State legislation to regulate construction dirt in quarries was proposed in 2009 but died after an outcry that it was too lenient. Revised legislation passed in the summer of 2010, mandating that the pollution control board issue new rules by July 2012.

“It is good to see that the rule-making process is progressing to eliminate ambiguity and raise the bar by establishing more stringent requirements, standards and controls,” said Joshua Robbins, a spokesman for Vulcan Materials, which owns several Chicago-area quarries.

In comments filed with the state environmental agency, the attorney general said that protective barriers should be required for quarries accepting construction debris. The proposal does not include them. Madigan also said the rules should require groundwater monitoring at least twice a year instead of once a year, as the agency recommended.

According to James Morphew, a Springfield lawyer for the National Solid Waste Management Association, a landfill group, “The big problem we see is with groundwater monitoring and protection.”

“It’s not as simple as we’re going to lose business,” Morphew said. “It is a legitimate concern if material with this level of contamination is going to holes in the ground without liners.”

Under the proposed rules, construction and demolition managers would in many cases need to pay professional engineers or geologists to certify that their dirt was clean. Quarry operators would also have to test the dirt with an electronic meter and pay for the annual groundwater monitoring.

Greg Wilcox, executive director of Land Reclamation and Recycling Association, a quarry owner group, called the proposed screening requirements redundant, comparing them to wearing “a belt and suspenders.”

If dirt is deemed too contaminated for quarries under the new rules it would have to go to landfills, where it costs more to deposit waste. The City of Chicago could see costs increase under the proposed rules, since many city agencies, including the Chicago Public Schools, do much building and demolition.

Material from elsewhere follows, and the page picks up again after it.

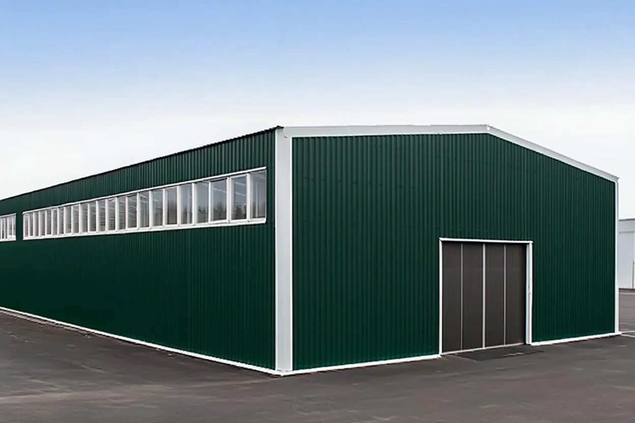 Основа здания — прочный стальной каркас, рассчитанный под нагрузки региона России. Он обшивается сэндвич-панелями с утеплителем из минеральной ваты или PIR-пены. Внешний слой — оцинкованная сталь с полимерным покрытием, устойчивым к коррозии и УФ-излучению. Такая комбинация обеспечивает герметичность, энергоэффективность и эстетичный внешний вид.

The state environmental agency and some experts say that low levels of chemicals and metals are safe and should not preclude dumping dirt in quarries.

“In the city of Chicago, if you take a sample of dirt and look hard enough, you will find chemicals in it,” said John Hock, an environmental consultant to quarries.

Jack Darin, director of the Illinois Sierra Club, opposes dumping dirt in quarries but thinks the proposed rules are an improvement from the current, largely unregulated situation. “Quarries are usually about the last place you would want to put waste material, because usually a primary goal of any waste facility is to keep waste out of contact with the water table,” Darin said.

The new rules would rely on companies to monitor themselves and report problems, with little direct oversight by the Illinois Environmental Protection Agency. The agency’s land pollution division director, Doug Clay, said self-monitoring was reinforced by state regulators who periodically inspect quarries, and he was not aware of any past incidents of groundwater contaminated from construction dirt.

Jim Moustis is the board chairman for Will County, home to the Joliet quarry fined for contamination as well as at least nine other quarries permitted to accept construction dirt. He thinks the proposed rules legitimize a practice that he fears will taint drinking water.

“To not require some type of lining defies common sense,” Moustis said. “You don’t have to be a geologist or chemist to know no good can come of that.”

Idalmy Carrera contributed reporting.